French parliament approves controversial snooping act
Iran Press TV
Thu Jun 25, 2015 1:33AM
French lawmakers have passed a controversial law granting intelligence services sweeping powers to spy on citizens.
The new legislation, approved in the country's National Assembly on Wednesday, gives authorities the right to monitor digital and mobile communications of anyone linked to a 'terrorist' inquiry without prior judicial authorization.
It also mandates internet service providers and telecommunication companies to release private data on request.
The law will not become effective until a court ruling is issued based on whether or not it is in accordance with France's constitution.
French Prime Minister Manuel Valls is a staunch supporter of the bill, the proposal of which gained momentum following a series of terrorist attacks in the French capital Paris, which left 17 people dead in January.

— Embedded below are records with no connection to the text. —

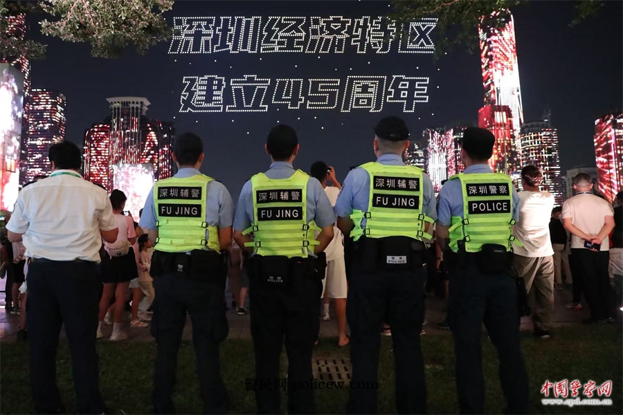 深圳公安民警辅警开展灯光秀安保执勤。
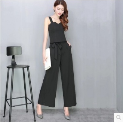 • 商品名称:名媛无袖拉链短款上衣两件套女夏阔腿长裤套装
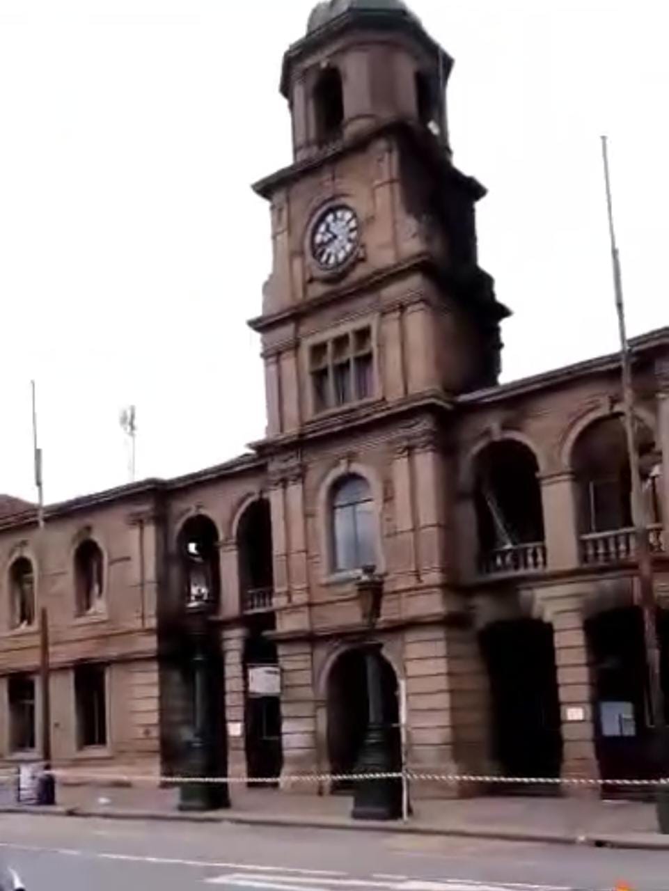 Die historiese stadsaal gebou is vroeg verlede jaar reeds in ñ brand verwoes na betogings teen dienslewering, maar die situasie duur voort.
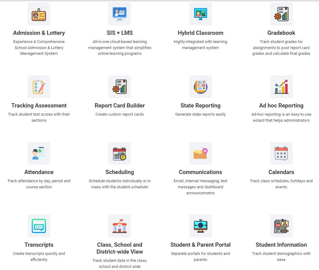 The grade book features, report card builder, attendance management and integrated LMS are among the features that we loved most. The data migration team was supportive and the set up was done very fast. Review collected by and hosted on G2.com.
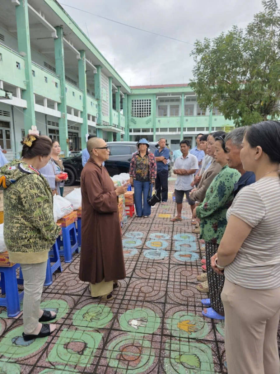 Đoàn đã được đại diện địa phương hướng dẫn đến thực địa và thăm các hộ gia đình. Ni sư Trưởng đoàn đã ân cần thăm hỏi, động viên người dân tuân thủ hướng dẫn của chánh quyền để đảm bảo an toàn trong mùa mưa lũ và sớm vượt qua khó khăn để ổn định cuộc sống.
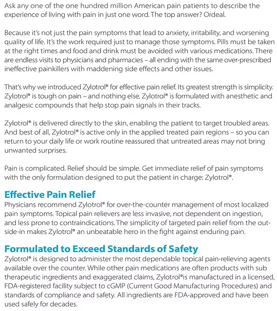 Zylotrol™ has been formulated with proven over the counter  (“OTC”) analgesics that have been shown to deliver long-lasting relief for pain associated with sprains, strains, arthritis, and pain resulting from a workplace or automotive injury.

According to Valls, the new bill is crucial to national security as France's previous wiretapping laws date back to 1991, "when there were no mobile phones or Internet.'
The bill has drawn criticism from various international human rights groups such as Amnesty International, which has described France's move as "a step closer to a surveillance state."
Earlier in the year, Amnesty's Europe director Gauri van Gulik censured the act, saying that 'this bill is too vague, too far-reaching and leaves too many unanswered questions.'
'Parliament should ensure that measures meant to protect people from terror should not violate their basic rights,' she added.
The bill was passed just 24 hours after leaked documents reportedly proved the US had spied on French President Francois Hollande and his predecessors between 2006 and 2012.
On Wednesday, a French government spokesperson announced that the country's national intelligence coordinator, Didier Le Bret, would pay a visit to the US over the leaked reports.